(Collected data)
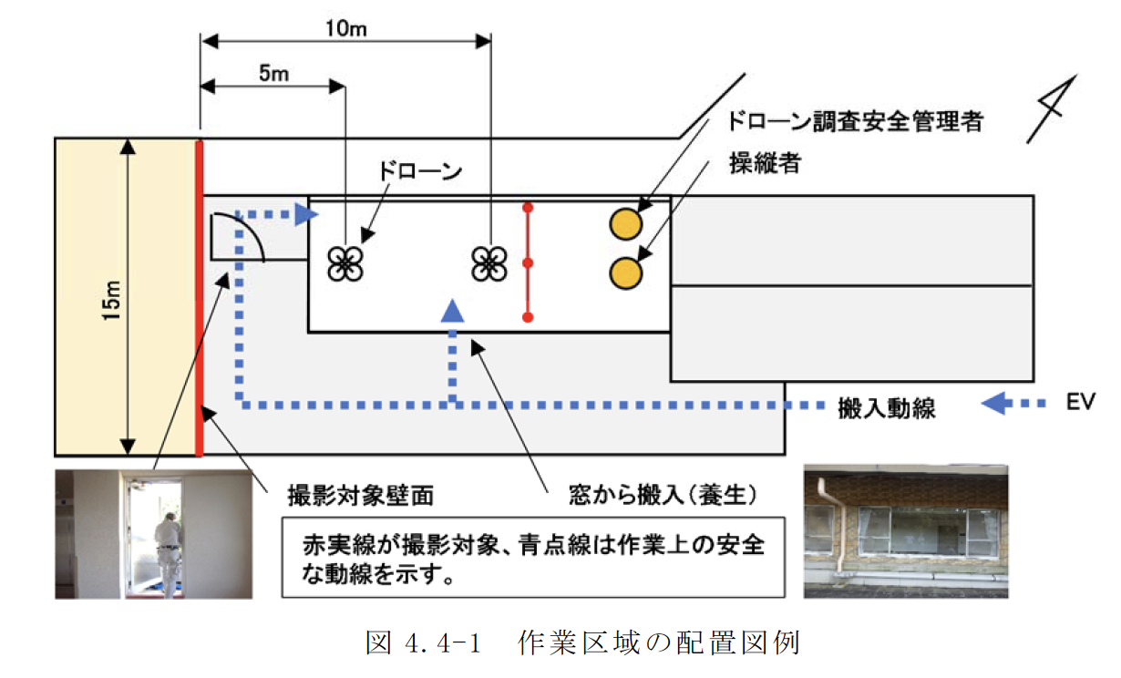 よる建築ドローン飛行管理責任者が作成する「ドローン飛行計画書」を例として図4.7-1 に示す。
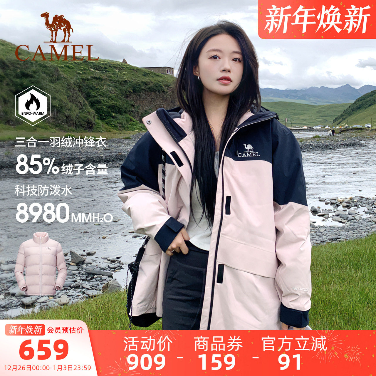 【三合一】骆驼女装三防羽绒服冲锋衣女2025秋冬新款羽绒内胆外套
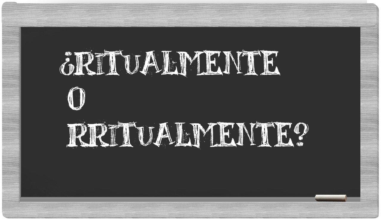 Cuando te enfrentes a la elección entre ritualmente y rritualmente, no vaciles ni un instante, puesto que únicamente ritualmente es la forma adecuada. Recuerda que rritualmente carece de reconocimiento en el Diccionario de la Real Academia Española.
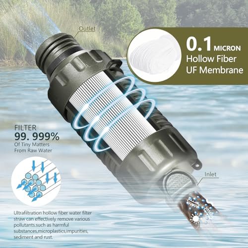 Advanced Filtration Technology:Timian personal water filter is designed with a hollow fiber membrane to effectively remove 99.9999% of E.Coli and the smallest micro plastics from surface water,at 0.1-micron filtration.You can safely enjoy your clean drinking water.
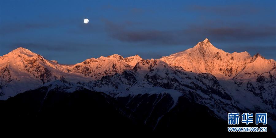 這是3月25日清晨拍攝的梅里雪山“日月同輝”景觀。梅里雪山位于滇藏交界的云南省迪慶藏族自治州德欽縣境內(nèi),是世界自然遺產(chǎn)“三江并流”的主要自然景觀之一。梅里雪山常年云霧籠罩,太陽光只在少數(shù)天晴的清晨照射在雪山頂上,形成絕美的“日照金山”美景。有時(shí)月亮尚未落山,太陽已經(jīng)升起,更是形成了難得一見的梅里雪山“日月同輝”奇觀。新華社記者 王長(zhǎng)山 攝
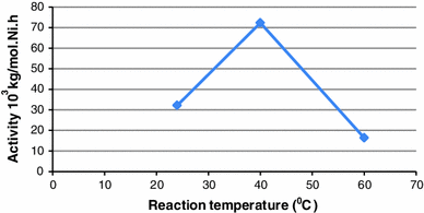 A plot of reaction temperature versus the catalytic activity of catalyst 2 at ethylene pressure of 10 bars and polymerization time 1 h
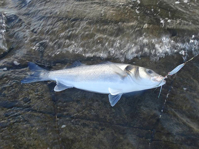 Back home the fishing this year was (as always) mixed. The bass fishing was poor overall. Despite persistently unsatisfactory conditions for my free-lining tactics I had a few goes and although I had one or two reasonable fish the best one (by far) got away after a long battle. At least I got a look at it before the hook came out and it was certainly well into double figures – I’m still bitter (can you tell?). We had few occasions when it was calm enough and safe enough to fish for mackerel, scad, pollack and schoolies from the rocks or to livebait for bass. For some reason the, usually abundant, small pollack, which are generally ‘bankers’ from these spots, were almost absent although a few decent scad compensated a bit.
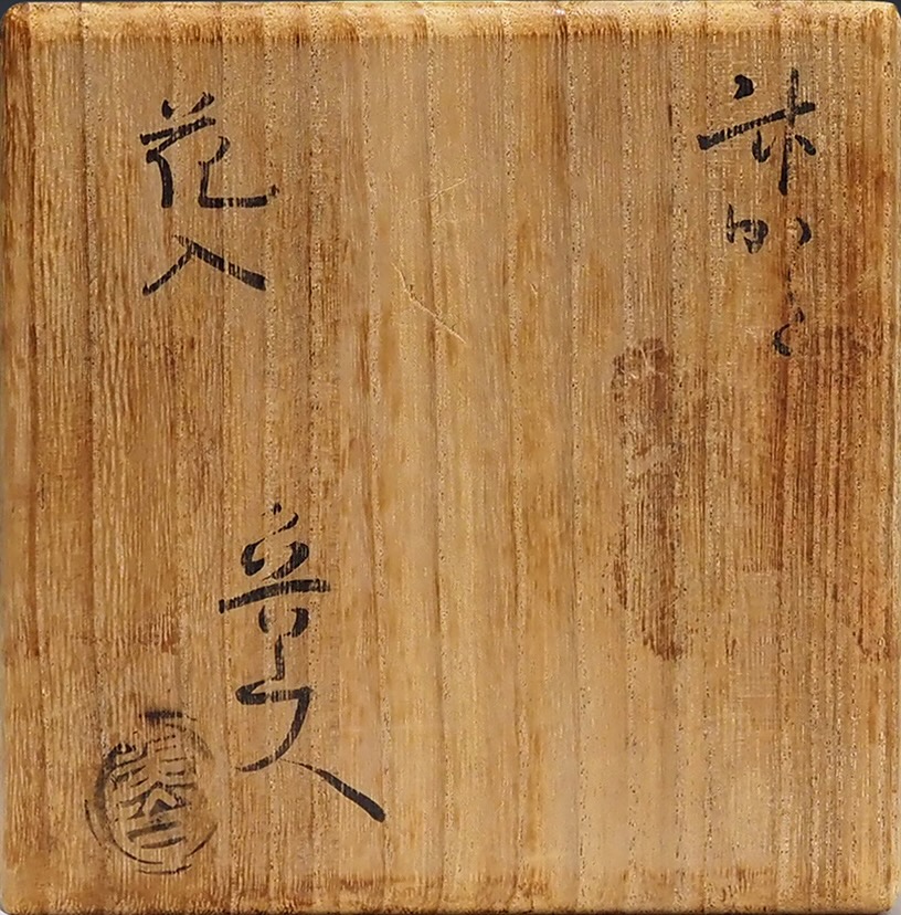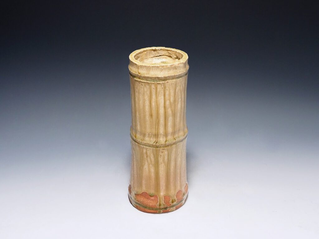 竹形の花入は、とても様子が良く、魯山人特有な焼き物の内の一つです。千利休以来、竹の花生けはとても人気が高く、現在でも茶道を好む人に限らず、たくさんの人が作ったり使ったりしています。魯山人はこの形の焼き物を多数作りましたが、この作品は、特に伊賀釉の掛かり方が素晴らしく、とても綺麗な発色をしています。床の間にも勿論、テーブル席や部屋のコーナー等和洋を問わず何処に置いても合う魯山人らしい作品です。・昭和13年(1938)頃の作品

> TASK: Give again, word for word, the lines from the one containing "Back home the" through the last line of the entries, with pictures omitted and nothing added.

> YOUR RESPONSE:
 Back home the fishing this year was (as always) mixed. The bass fishing was poor overall. Despite persistently unsatisfactory conditions for my free-lining tactics I had a few goes and although I had one or two reasonable fish the best one (by far) got away after a long battle. At least I got a look at it before the hook came out and it was certainly well into double figures – I’m still bitter (can you tell?). We had few occasions when it was calm enough and safe enough to fish for mackerel, scad, pollack and schoolies from the rocks or to livebait for bass. For some reason the, usually abundant, small pollack, which are generally ‘bankers’ from these spots, were almost absent although a few decent scad compensated a bit.
 竹形の花入は、とても様子が良く、魯山人特有な焼き物の内の一つです。千利休以来、竹の花生けはとても人気が高く、現在でも茶道を好む人に限らず、たくさんの人が作ったり使ったりしています。魯山人はこの形の焼き物を多数作りましたが、この作品は、特に伊賀釉の掛かり方が素晴らしく、とても綺麗な発色をしています。床の間にも勿論、テーブル席や部屋のコーナー等和洋を問わず何処に置いても合う魯山人らしい作品です。・昭和13年(1938)頃の作品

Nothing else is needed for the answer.